Apache Avro Python
Avro is a data serialization and RPC framework for various languages, including Python. It uses JSON for defining data types and protocols and serializes data in a compact binary format. The Python library provides tools for schema parsing, binary encoding/decoding, and working with Avro Data Files. The current version is 1.12.1, with releases typically occurring a few times a year for minor or patch updates.
Warnings
- deprecated The `avro-python3` PyPI package is deprecated. Users should now install and use the `avro` package, which supports both Python 2 (legacy) and Python 3. The `avro-python3` package will be removed in the near future.
- gotcha Installing the `avro` package (intended for Python 3+) in older Python 2 environments or incorrectly expecting Python 2 behavior in Python 3 can lead to `SyntaxError` due to incompatible syntax (e.g., `except Exception, e:`).
- gotcha The official Python Avro library is implemented in pure Python, which can lead to slow performance when processing large volumes of data or complex schemas. This is a common pain point for users.

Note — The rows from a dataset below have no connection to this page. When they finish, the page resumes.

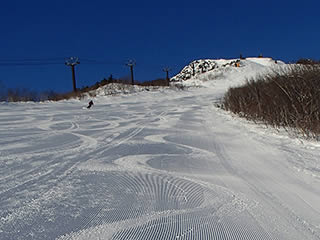 次の写真は帰る途中に眺めた今日滑った斜面の様子。沢山のシュプールもうっすら見えています。
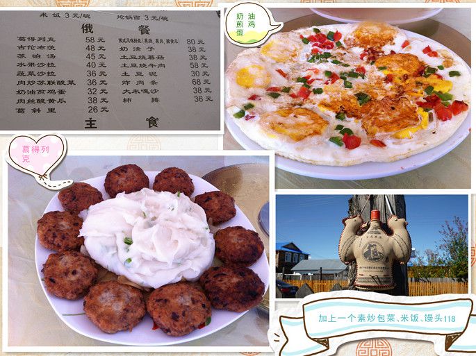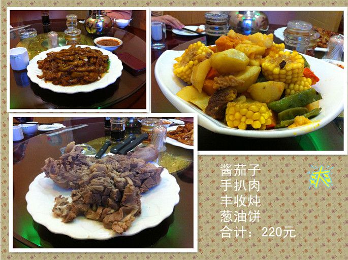 游览完根河湿地,我们按照原定计划到拉布大林住宿,由于暑期的旺季已经过了,住宿相对的便宜,还可以讨价还价,最后我们以150一间的价格订了两个标间,放下行李,饿的不行的我们立马出去觅食了。攻略上看了很多手扒肉的介绍,就选择了蒙餐,是李哥战友家开的,我们只想尝尝鲜,就要了两斤,店家觉得少,说不好切,结果弄来2斤8两,我们那微薄的战斗力啊,最后还是浪费了些,另外还要了酱茄子、丰收炖和葱油饼,领教了大菜量!
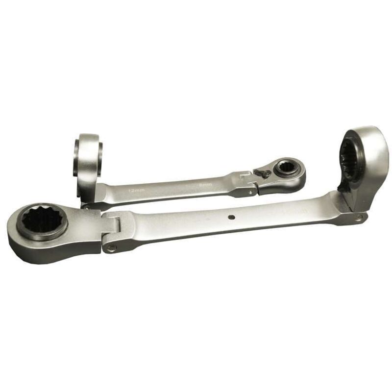Set 2 chiavi a cricchetto snodabili crv Masidef Set 2 chiavi a cricchetto snodabili ideali per lavorare in punti di difficile accesso Caratteristiche: 2 chiavi - 8 misure chiavi a cricchetto, a 72 denti, in acciaio cromo vanadio meccanismo a cricchetto avvita/svita 8 differenti misure: chiave piccola 8 - 10 - 12 - 13 mm chiave grande 16 - 17 - 18 - 19 mm testa snodata con blocco ogni 90°
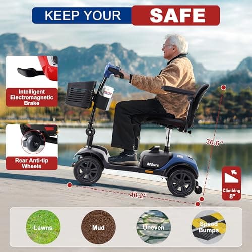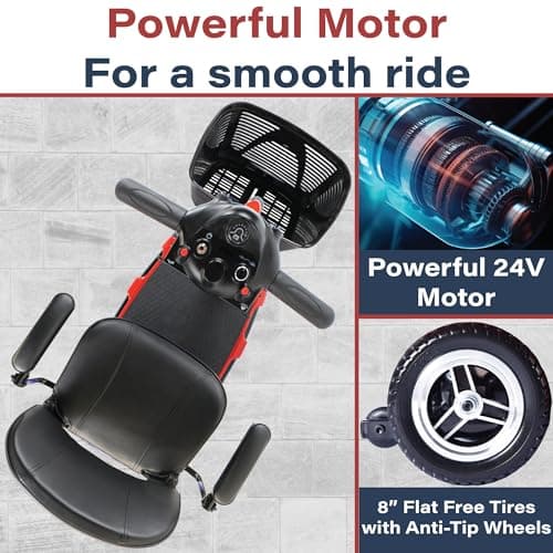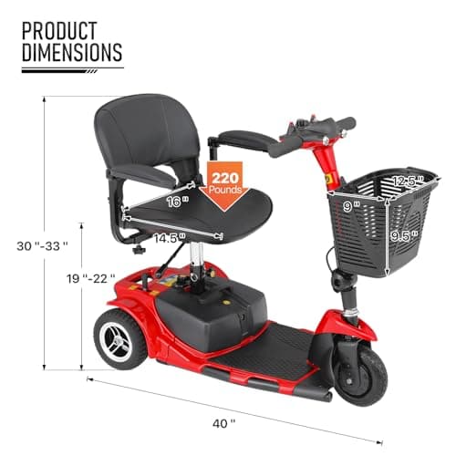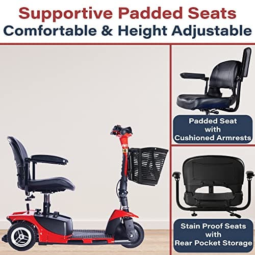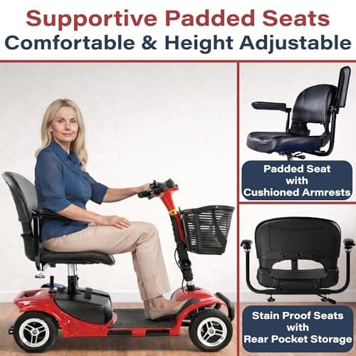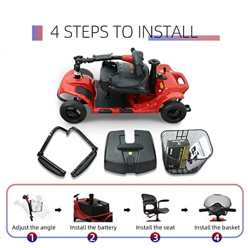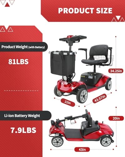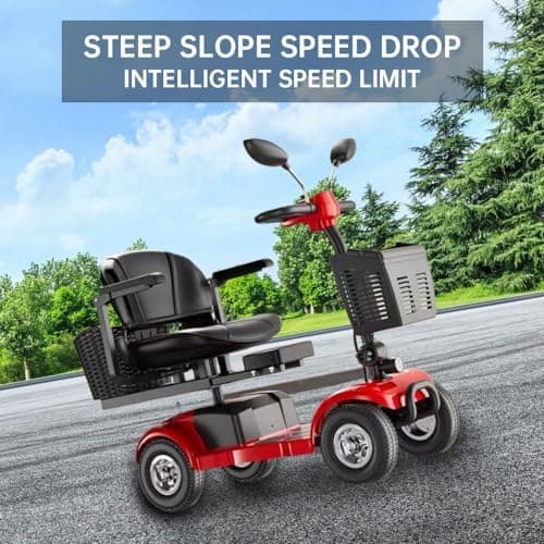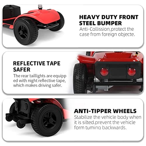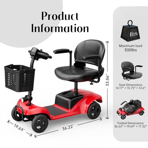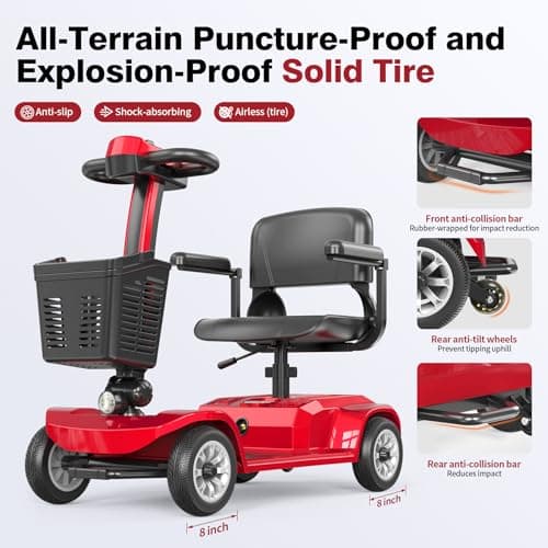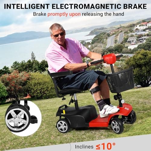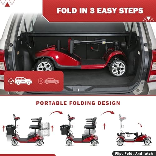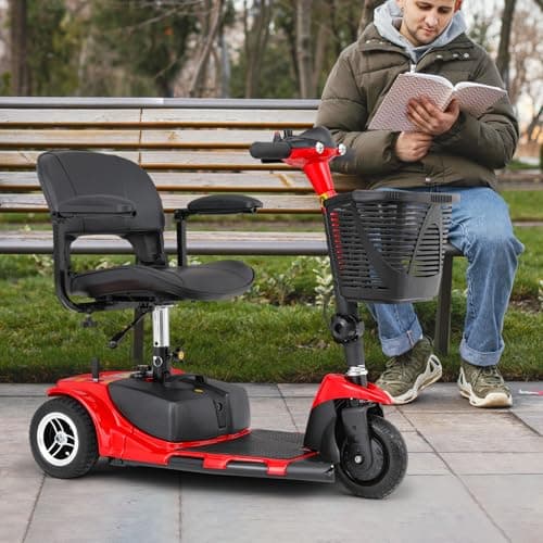 Wooken Mobility Scooter for Seniors, Adults, 4 Wheels Powered Mobility Scooter, 264 lbs All Terrain Foldable Powered Mobility Scooter,Compact Heavy Duty Mobility for Travel,12.1 Miles Range,Red

- gotcha When reading Avro files, the reader's schema must be compatible with the writer's schema, adhering to Avro's schema evolution rules. Mismatched or missing fields (especially required ones) between reader and writer schemas can lead to errors or unexpected data during deserialization.
Install
-
pip install avro -
pip install avro[snappy,zstandard]
Imports
- avro.schema.parse
import avro.schema schema = avro.schema.parse(json_schema_string)
- DataFileReader
from avro.datafile import DataFileReader
- DataFileWriter
from avro.datafile import DataFileWriter
- DatumReader
from avro.io import DatumReader
- DatumWriter
from avro.io import DatumWriter
Quickstart
import avro.schema
from avro.datafile import DataFileReader, DataFileWriter
from avro.io import DatumReader, DatumWriter
import io
# Define schema
schema_str = '''
{
"type": "record",
"name": "User",
"fields": [
{"name": "name", "type": "string"},
{"name": "favorite_number", "type": ["int", "null"]},
{"name": "favorite_color", "type": ["string", "null"]}
]
}
'''
schema = avro.schema.parse(schema_str)
# Prepare data
users = [
{"name": "Alyssa", "favorite_number": 256, "favorite_color": "red"},
{"name": "Ben", "favorite_number": 7, "favorite_color": "blue"},
{"name": "Charlie", "favorite_number": null, "favorite_color": "green"},
{"name": "David", "favorite_number": 42, "favorite_color": null}
]
# Write data to an in-memory Avro file
# Using io.BytesIO for an in-memory file-like object
output_stream = io.BytesIO()
writer = DataFileWriter(output_stream, DatumWriter(), schema)
for user in users:
writer.append(user)
writer.close()
# Reset stream position to read from the beginning
output_stream.seek(0)
# Read data from the in-memory Avro file
reader = DataFileReader(output_stream, DatumReader())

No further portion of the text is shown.